Benchmark for hashing "words" using the algorithms available with the JDK plus some that are part of Guava:
- MD5 (JDK 1.7)
- SHA-1 (JDK 1.7)
- SHA-256 (JDK 1.7)
- SHA-512 (JDK 1.7)
- Murmur3 128 (Guava 18.0)
- Murmur3 32 (Guava 18.0)
- CRC-32 (Guava 18.0)
- CRC-32C (Guava 18.0)
- SipHash (Guava 18.0)
The "words" are part of a corpus that is dynamically generated during the benchmark, the command line parameters set the size of the corpus and the length of the "words" it contains.

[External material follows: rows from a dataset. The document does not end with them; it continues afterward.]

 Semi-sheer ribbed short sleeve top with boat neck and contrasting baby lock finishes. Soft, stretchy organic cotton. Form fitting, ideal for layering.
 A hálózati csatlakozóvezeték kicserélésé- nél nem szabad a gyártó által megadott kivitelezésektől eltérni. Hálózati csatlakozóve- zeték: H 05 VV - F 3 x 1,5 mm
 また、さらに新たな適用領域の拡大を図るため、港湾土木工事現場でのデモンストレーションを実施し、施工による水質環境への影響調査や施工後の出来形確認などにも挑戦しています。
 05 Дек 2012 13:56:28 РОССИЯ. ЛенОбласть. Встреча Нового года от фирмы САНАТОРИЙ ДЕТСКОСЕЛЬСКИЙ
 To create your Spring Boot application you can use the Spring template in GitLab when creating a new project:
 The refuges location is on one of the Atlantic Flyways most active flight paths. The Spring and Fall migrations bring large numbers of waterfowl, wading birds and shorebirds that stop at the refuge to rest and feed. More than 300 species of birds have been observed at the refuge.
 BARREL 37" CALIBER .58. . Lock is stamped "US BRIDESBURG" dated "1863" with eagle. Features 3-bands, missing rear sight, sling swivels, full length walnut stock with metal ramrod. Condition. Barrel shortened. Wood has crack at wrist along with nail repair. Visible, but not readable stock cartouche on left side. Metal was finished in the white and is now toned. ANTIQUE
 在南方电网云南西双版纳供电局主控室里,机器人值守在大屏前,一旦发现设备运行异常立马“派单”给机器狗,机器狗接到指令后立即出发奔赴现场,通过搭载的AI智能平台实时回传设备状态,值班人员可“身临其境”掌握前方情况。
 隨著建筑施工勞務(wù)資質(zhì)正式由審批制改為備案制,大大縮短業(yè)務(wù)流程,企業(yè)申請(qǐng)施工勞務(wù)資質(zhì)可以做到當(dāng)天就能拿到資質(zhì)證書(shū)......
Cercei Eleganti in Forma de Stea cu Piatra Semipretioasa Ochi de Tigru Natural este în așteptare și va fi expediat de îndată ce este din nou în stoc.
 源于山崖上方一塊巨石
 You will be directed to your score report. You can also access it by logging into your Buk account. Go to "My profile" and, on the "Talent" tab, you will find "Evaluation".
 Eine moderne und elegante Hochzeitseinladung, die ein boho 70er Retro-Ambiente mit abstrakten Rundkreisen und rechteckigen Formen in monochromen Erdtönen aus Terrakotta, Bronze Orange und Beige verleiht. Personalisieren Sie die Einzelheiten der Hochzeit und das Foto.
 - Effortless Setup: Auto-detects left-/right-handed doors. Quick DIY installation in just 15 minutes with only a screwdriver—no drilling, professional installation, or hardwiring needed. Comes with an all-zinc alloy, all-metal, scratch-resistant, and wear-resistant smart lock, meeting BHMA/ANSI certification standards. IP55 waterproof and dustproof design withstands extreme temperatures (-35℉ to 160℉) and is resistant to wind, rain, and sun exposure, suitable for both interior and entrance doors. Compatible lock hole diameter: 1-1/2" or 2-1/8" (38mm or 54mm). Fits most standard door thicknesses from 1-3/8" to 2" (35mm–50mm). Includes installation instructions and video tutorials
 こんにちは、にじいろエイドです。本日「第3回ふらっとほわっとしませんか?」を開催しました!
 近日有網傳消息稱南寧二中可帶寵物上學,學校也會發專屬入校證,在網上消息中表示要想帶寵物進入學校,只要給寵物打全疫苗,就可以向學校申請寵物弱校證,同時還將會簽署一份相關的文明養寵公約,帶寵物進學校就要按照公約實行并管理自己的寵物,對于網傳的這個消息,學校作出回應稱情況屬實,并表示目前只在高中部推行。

The code uses JMH, and is a Maven project.
> mvn clean install
> java -jar target/benchmarks.jar HashingBenchmark -wi 10 -i 10 -f 1 -p corpusSize=500000 -p stringLength=12
> java -jar target/benchmarks.jar HashingJavaStringBenchmark -wi 10 -i 10 -f 1 -p corpusSize=500000 -p stringLength=12
The results here refer to corpus created with -p corpusSize=500000 -p stringLength=12
i.e 500000 words of length 12, in the following JMH output, each result (Score in jmh-speak) is the average time in milliseconds it took to process all of the words in the corpus.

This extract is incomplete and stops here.